Written by Julia Stepp

Is it only the person with hearing loss responsible for communication, or is it the hearing partner? The answer is, it’s both.

Communication is a two way street. Each person needs to do their part for true communication to happen.

Try this checklist…

Let me ask you; as the hearing partner are you saying any of the following:

  • You are purposely ignoring me.
  • Turn that damn TV down!
  • Why are you yelling at me?
  • What do you mean the phone isn’t working right? I hear fine.
  • Are you serious? Do you really think I said that?
  • What do you mean you don’t want to go out with our friends on Friday nights?
  • I think you need to see the doctor, something is not right with you mentally.
  • Is it just hearing loss? Oh no biggie then. We’ll just get some hearing aids.
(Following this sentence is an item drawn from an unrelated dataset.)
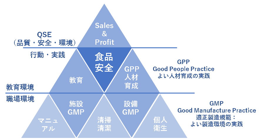私たちは、統一した食品安全文化と本ポリシーを世界の仲間と共有し、各国の食品安全と品質に係る法規制を遵守し、グローバルな基準と要件を満たす食品安全・品質管理体制を維持します
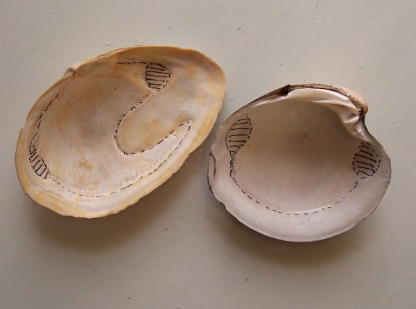 Mantellijn en spier-indruksels bij Strandgaper (l) en Noordkromp

Just stick’em on and good to go.
  • We just spent $8000 on hearing aids, what do you mean you still can’t hear me?

One that has stuck with me over the years during Hard of Hearing workshops: Your hearing loss is now our life.

Hearing loss affects everyone.

Hearing loss affects every family member, especially when it comes to communication. Communication is the key to staying connected. There are many tools that can help you stay connected. Most families don’t find these tools until the connection is a struggle and everyone is beyond frustrated.. My hope is that this finds folks before the connection is damaged.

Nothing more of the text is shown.